Had the collective intention been to Protect the Consumer, then the ARIP market would have been avoided at all costs. Had that vital decision been made for the purest of intentions, the loans would have been declined and the projected “$50 Billion New Market” would have produced few dollars: banking ethics and reputations would have been protected.
The Lenders involved, understood the commercial risk but wrongly believed (to the detriment of shareholders) the banks were protected from prosecution or blame for the following reasons:-
1. The collective absence of any documentation to the client.
2. The collective decision to never phone the client (one phone call would have blown the whistle).
3. The collective low income factor as the target market, prohibiting most victims from obtaining justice and for there to be little likelihood of exposure for Lenders as to their involvement.
4. The Lenders’ legal teams’ collective interpretation of the Argument of Agency which Judges have since deemed erroneous, bringing down a string of adverse findings against the banks.
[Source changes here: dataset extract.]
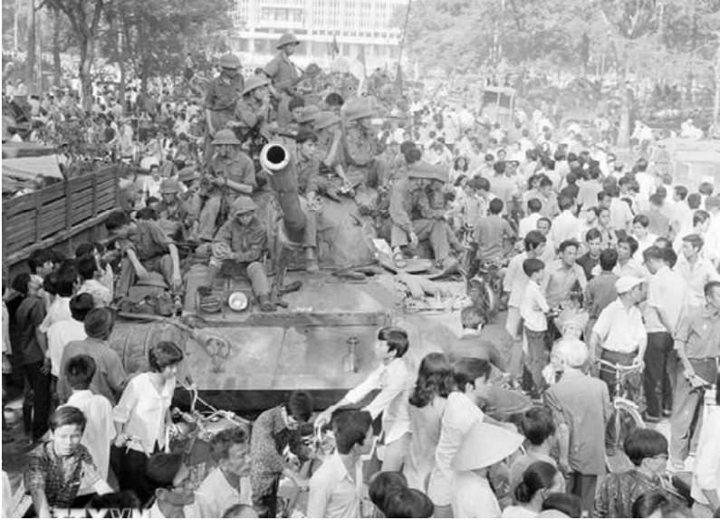
Nhân dân Sài Gòn đổ ra đường đón chào quân giải phóng chiếm Phủ tổng thống ngay, trưa 30/4/1975.

5. The collective decision to allow the use of ABN numbers “for a day” and for approval officers to never verify the bona fide of the details on the LAFs.........suggesting a known fraud was in progress all the way through to the loan processing stage.
6. Of particular concern is the fact that Maladministration in Lending has been permitted to continue as “normal” practice in an estimated $50 billion ARIP market with little scrutiny.
No-one in the banking sector is taking responsibility for this dreadful situation. Lenders are openly suggesting that “we too are victims of the Brokers....” That notion is inconsistent with the overwhelming evidence to the contrary.
We have all come a long way from the results of Elkofairi and Khoshaba. The evidence presented at those trials is only a fraction of what could have been submitted in light of more recent research and investigations. Yet thanks to the members of the Judiciary who could see what had occurred and in seeking the absolute truth, ruled in favour of the victims.
I am now flooded with calls for assistance and the pattern of banking deceit, is as obnoxious as it is obvious.
BFCSA Inc intends to call upon three respected law firms to examine these cases and furnish us with their own interpretation of the Argument of Agency, based upon the most recent cases.
My intention is to furnish FOS with these Legal Opinions.
In my view, what is really required is a Royal Commission into the Banking Sector as suggested in 2001. I appreciate an Inquiry into the Banking Sector is a matter for Government. However, the need is clearly urgent given the escalation in similar cases, during the past decade.
Denise L Brailey
Hand delivered to the Financial Ombudsman 2011
NB: (first version 2009 was written to provide lawyers who were running cases with The Mechanics of the Fraud. Copies sent to ASIC).